Task goal
Return a copy of every line in the records that includes the word "Gaillard".
Start of Block
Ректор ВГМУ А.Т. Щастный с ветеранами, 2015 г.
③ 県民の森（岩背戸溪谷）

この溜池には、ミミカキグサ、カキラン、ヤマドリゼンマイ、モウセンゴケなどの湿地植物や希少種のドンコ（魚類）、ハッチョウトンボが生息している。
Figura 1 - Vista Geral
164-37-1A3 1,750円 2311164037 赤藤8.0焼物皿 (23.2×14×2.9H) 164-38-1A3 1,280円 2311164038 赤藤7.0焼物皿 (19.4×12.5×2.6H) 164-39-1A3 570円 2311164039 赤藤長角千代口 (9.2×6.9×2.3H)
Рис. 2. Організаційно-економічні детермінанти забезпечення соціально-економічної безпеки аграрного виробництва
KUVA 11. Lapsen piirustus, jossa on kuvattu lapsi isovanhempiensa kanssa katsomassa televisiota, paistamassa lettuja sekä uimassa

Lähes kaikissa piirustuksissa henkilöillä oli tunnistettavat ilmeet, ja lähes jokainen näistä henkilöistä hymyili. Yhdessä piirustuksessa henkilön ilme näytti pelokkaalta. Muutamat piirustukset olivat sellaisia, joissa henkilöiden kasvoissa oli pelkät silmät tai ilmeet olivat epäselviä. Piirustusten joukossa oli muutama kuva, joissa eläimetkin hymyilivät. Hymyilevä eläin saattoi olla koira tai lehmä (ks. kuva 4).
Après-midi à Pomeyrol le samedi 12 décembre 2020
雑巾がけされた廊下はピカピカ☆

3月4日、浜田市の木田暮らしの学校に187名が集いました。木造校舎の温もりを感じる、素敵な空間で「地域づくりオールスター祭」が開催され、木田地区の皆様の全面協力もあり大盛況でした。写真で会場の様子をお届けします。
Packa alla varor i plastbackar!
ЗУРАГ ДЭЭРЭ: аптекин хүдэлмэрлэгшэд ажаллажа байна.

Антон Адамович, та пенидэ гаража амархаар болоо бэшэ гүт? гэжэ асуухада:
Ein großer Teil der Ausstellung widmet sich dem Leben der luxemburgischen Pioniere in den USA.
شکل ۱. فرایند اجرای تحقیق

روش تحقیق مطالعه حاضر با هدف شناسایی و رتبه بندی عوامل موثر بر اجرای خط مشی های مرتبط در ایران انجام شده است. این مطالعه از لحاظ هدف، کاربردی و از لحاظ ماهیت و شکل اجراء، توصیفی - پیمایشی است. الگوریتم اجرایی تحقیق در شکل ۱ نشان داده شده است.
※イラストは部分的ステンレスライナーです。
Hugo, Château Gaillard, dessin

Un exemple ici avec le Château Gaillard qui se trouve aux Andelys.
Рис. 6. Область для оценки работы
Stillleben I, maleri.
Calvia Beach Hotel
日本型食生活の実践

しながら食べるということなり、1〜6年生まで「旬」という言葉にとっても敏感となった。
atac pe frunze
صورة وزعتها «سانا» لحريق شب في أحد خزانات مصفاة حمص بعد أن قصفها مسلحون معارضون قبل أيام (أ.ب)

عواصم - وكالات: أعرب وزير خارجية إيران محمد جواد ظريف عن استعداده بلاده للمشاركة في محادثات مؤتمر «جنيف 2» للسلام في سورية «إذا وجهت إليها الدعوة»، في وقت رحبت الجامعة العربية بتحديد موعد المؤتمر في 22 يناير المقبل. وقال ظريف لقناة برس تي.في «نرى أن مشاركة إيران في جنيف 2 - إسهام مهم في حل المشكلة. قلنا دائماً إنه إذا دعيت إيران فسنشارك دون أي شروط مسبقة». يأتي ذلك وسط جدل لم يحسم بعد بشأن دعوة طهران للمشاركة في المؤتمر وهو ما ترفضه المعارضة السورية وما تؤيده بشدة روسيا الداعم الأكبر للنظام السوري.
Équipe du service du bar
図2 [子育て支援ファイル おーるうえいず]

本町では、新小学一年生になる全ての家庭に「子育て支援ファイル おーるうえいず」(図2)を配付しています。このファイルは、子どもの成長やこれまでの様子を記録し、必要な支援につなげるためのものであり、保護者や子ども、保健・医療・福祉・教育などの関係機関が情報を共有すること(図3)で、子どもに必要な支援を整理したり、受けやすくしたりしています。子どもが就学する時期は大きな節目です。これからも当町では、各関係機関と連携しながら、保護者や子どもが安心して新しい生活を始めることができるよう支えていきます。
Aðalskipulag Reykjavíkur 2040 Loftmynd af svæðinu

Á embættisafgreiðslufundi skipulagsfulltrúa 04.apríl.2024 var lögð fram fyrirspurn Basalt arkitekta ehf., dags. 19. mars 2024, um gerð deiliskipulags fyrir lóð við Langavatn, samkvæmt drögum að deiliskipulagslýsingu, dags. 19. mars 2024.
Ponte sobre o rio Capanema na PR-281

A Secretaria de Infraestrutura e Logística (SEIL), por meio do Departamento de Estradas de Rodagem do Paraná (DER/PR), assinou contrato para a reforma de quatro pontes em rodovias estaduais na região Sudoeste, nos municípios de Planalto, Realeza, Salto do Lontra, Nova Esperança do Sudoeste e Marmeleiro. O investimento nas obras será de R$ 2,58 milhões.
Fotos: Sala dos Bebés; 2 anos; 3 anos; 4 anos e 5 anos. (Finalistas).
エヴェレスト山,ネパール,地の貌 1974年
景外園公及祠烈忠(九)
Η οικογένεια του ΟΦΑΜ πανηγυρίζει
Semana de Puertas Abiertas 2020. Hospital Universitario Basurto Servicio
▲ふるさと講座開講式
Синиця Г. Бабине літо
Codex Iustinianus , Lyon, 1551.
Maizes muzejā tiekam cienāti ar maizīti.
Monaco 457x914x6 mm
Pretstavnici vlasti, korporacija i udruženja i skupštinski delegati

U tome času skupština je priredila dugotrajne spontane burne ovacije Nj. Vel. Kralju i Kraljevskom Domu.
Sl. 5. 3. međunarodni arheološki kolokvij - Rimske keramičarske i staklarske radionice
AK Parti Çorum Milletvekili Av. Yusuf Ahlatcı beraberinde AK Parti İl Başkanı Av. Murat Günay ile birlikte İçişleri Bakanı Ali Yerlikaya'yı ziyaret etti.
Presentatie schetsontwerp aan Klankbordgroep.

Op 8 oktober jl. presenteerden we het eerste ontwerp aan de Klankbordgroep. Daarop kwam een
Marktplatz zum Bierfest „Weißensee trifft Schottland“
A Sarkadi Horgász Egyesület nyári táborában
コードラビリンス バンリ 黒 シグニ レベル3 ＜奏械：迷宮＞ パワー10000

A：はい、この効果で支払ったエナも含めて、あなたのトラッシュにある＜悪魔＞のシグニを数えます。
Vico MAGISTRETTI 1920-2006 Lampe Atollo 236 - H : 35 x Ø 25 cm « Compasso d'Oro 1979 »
End of Block
Finished exercise
Hugo, Château Gaillard, dessin
Un exemple ici avec le Château Gaillard qui se trouve aux Andelys.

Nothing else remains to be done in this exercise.